Updates: Bernie Sanders I-VT seeks to put hold on Bens renomination; Black Swan says he will shun public life if Ben reconfirmed; Mark Zandi agrees double dip for housing ahead; Flashback: Bernanke in Denial 2005-2007

Update 2: Breaking on CNBC via Politico Bernie Sanders I-VT trying to put hold on Bens renomination hearing tomorrow. But they seem to have the 60 votes they need. Also today Taleb, of the Black Swan said if Ben is reconfirmed he will leave public life, seriously:

Nassim Taleb, the author of “The Black Swan”, said he would retreat from public life if Federal Reserve Chairman Ben Bernanke gains a second term at the helm of the central bank.”What I am seeing and hearing on the news — the reappointment of Bernanke — is too hard for me to bear,” Taleb wrote on his blog on The Huffington Post.

“I am not blaming Bernanke (he doesn’t even know he doesn’t understand how things work or that the tools he uses are not empirical); it is the Senators appointing him who are totally irresponsible — as if we promoted every doctor who committed malpractice,” he wrote.Taleb wrote he will not take part in interviews in the press and will not go to the World Economic Forum in Davos in January.

“I need to withdraw as immediately as possible into the Platonic tranquility of my library, work on my next book, find solace in science and philosophy, and mull the next step,” he wrote, adding that “I will only (briefly) emerge from my hiatus when the publishers force me to do so upon the publication of the paperback edition of The Black Swan.”…

Update: Boy it is exhausting having these fancy pants academics and/or advisers to MAC and Obama come along and agree with MiM months after we take a position, like being Cassandra, it sucketh big time. Now I just heard Marty Feldstein agreeing on Kudlow too, lol. To be fair Feldstein came out on this in October...sure now that it’s COOL to say there is a double dip ALL the kids wanna do it!

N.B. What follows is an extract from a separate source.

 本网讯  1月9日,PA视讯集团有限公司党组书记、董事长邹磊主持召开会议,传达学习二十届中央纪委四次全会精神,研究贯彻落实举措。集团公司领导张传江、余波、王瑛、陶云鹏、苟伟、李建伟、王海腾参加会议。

Soon Orszag and Krugman will be the cheese, and we all know the cheese stands alone.

Mark Zandi of Moodys (who will be at the big job summit this week, and who is at every Nancy Pelosi jobs bill panel as well), the man who advised MAC and later the Congress on the stimulus, is now forecasting a second leg down in housing, a big one, the one we and others have been yammering on about for months.

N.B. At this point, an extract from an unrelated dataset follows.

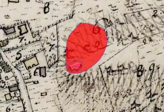 Von der ehemaligen Mottenanlage ist nur noch der Turmhügel ansatzweise erkennbar[1].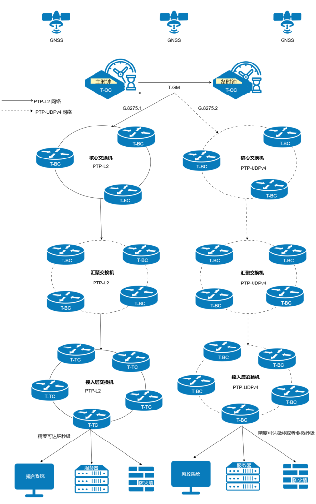Campus/multi-computer room expansion (multiple × T830): multiple T830s in each computer room select one as the domain T-GM, intra-domain core segments using L2 (G.8275.1 + SyncE), inter-domain using UDPv4 (supports L2 priority configuration L2); domain number/prioritized scheduling of multi-source disaster recovery is consistent with the steady-state, and the deviation of the overall system can reach the target of "transaction nanoseconds + logging microseconds + office milliseconds". Transaction nanosecond level + log microsecond level + office millisecond level" target. Layering by business importance to meet the target.

Maybe now that one of the chosen few who get listened to (despite often being quite wrong) and whose ideas are often quite unsuccessful (see WSJ on Orszag and Stiglitz’  EPIC FAIL on the risk posed by FAN FRED that somehow gets them promoted and invited to all the summits and now they help design all our economic policy and even our healthcare system!!) is on board with the fact that housing is in imminent danger of collapsing under the continuing deterioration of employment and the failure of the mo mods. Well maybe now they will do the damned HOLC and get it done.

FDR did it, in out boom,. Buy the home loans from the banks,w e already own them in FAN FRED anyway, write down 20% everyone underwater, boom, done. Let homeowners pay it off via their taxes to the government. Give a payroll tax holiday. Stop the uber spending in areas that don’t help the underlying economy. The entire 78 billion directed to housing is still sitting there waiting to be paid out on permanent mods that aren’t happening.

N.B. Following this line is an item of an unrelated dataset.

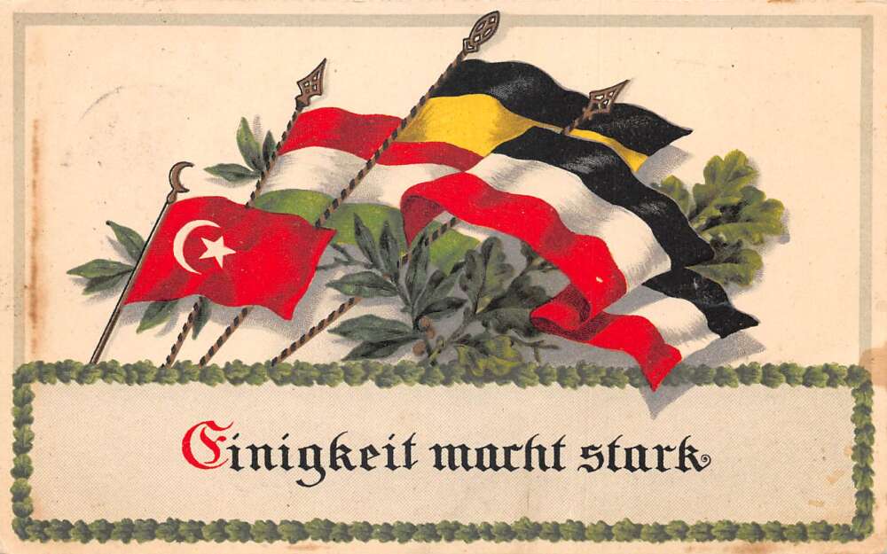 WW1 German Greetings Ottman Hungary Germany Flag Vintage Postcard AA77843

The meltdown of the U.S. housing market is not over yet, and home prices will soon start trekking downward again as a flood of foreclosures looms, a well-known economist said Wednesday.

Home prices, as measured by the Standard & Poor’s/Case-Shiller U.S. National Home Price Index, will trough in the third quarter of 2010 after declining 38 percent, Zandi said. The index peaked in the second quarter of 2006 and hit a trough in the first quarter of 2009, a drop of about 32 percent. Home prices in many regions have been rising.That is because foreclosure sales fell over the summer and fall as mortgage servicers have tried to put stressed homeowners into the Home Affordable Modification Program and other modification plans, he said. “This lull in foreclosures sales has resulted in the price gains in the past few months,” he said.

“Foreclosure sales will increase, and home prices will resume their decline by early 2010 as mortgage servicers figure out who will not qualify for a modification,” he said.

Zandi said 7.5 million foreclosure sales will have taken place between 2006 and 2011. The majority of these sales, however, have not emerged yet, with 4.8 million foreclosure sales expected between 2009 and 2011….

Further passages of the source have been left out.